Leann cocks a brow. “You think?” She is just like her son. Or I suppose I know where Colt gets his need for directness.

“Sure.” I shrug my shoulders and get back to stirring the gravy I’m making. “Nobody has an uneventful childhood, right?”

She stays quiet, so I peek over my shoulder and find her studying me with her face resting in her hand. “Tell me about yours.” It’s not fair that every question she asks is essentially a dying woman’s request. You’re obligated to give her anything she wants. Even if she weren’t, though, I have a feeling she would have me opening up, regardless. Talking to Leann is the easiest conversation I’ve ever had.

“Okay,” I say, pointing the spoon at her. “But you aren’t allowed to pity me.”

“I wouldn’t dream of it.”

I turn the burner off and slide a sheet of biscuits into the oven before resting my hip against the counter. Crossing my arms, I brace for the impact of the memories that are going to come crashing in as soon as I open this door.

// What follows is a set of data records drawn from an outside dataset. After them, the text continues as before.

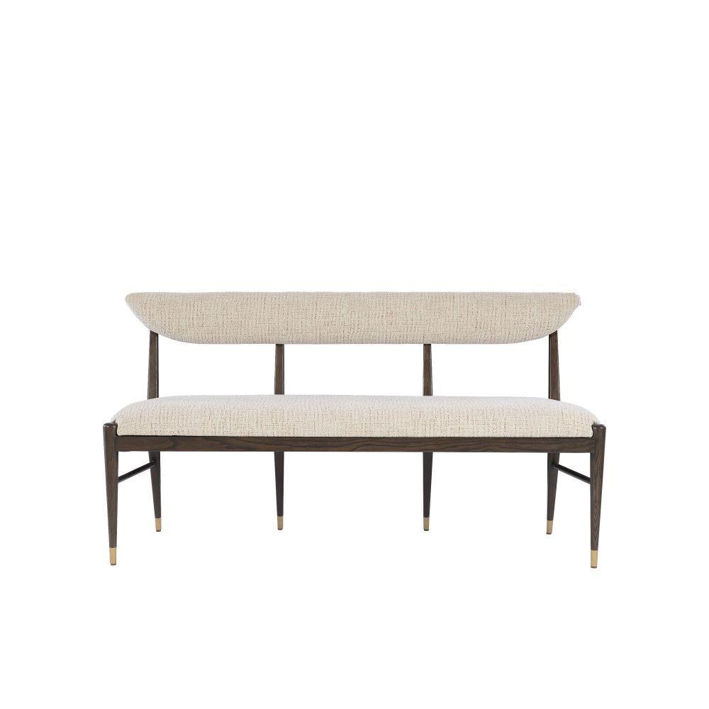 The Arlan Coffee Bench, which is made of ash wood in a coffee brown finish, has tailored contemporary lines. The back and seat are covered in a nubby performance fabric called Busio Desert, and the tapered legs that run along the sides and back are sophisticated design details on this piece of upholstery. The ferrules on the dark brown and white bench are in an antique brass finish.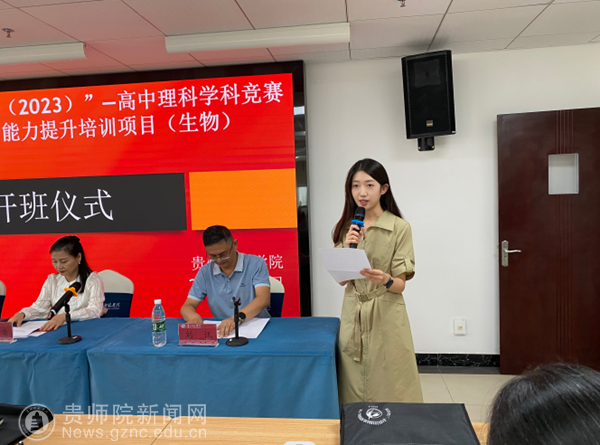 首先,学员代表贵阳六中姜彦君发言,代表本期培训班的全体学员对本次培训学习做出郑重承诺:承诺在接下来的培训中,定将严格遵守培训管理制度,绝对服从培训的各项组织安排,积极提高思想认识,充分认识到学习培训的重要性,加倍珍惜来之不易的学习机会,刻苦学习,按要求保质保量完成培训班布置的各项任务,坚决做到不迟到、不早退、不无故旷课,定端正态度,勤学苦练,深入实践,主动探究,勤于笔耕。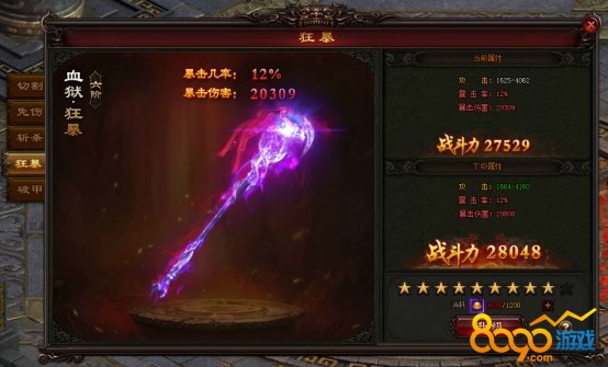 作用:激活狂暴后提供暴击率、暴击伤害属性的提升。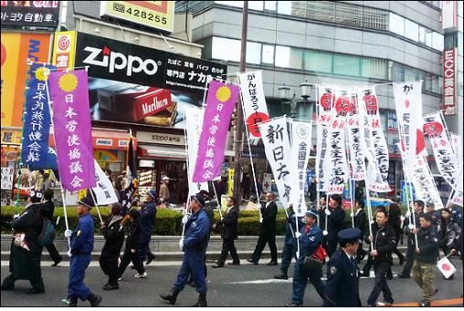 ▲ 2012년 오사카에서 만난 군복을 입은 극우단체들, “천황만세”를 외치는 그들을 보는 순간 섬뜩했다.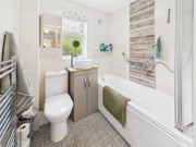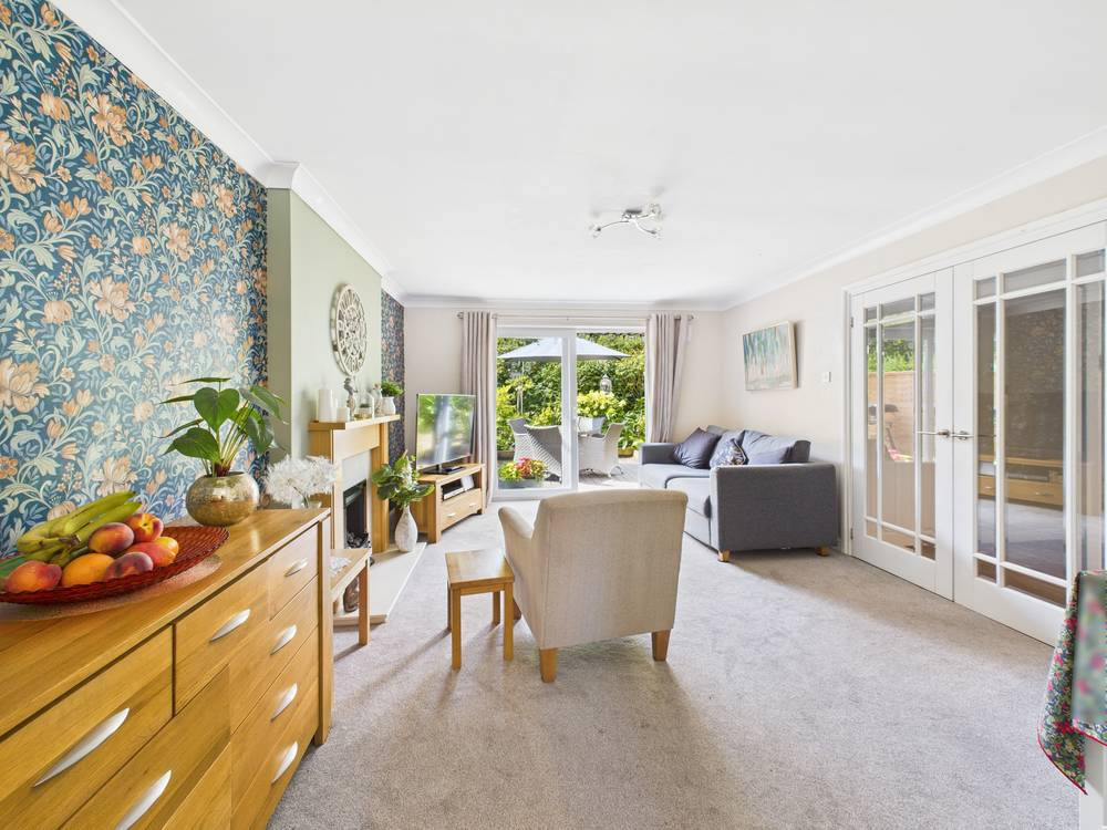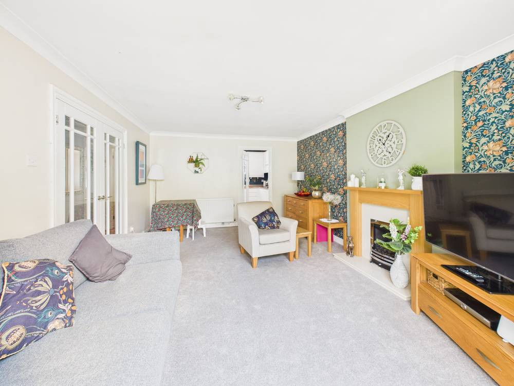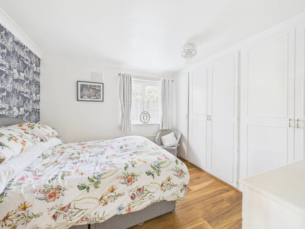 There are 2 bedrooms, a main double room with a wall of fitted wardrobes and smaller second, brilliantly used by the current owners as a dressing room. The lounge is spacious with patio doors out to the westerly garden. Both the bathroom and kitchen have been refitted, the latter having built in appliances. Gas central heating and double glazing are throughout.

“My dad wasn’t a nice guy. He liked to yell and beat on my mom a lot. Sometimes he’d lay into me too, or lock me out at night if I put up too much of a fight. But I’d just go to my friend’s house. Actually, it’s Tyson’s sister, Blake.”

“He’s a good boy,” is all she says and waits for me to continue.

I smile and wonder if she knows about his sweet tooth. “That’s pretty much it. My dad left when I was seventeen and I haven’t seen him since.”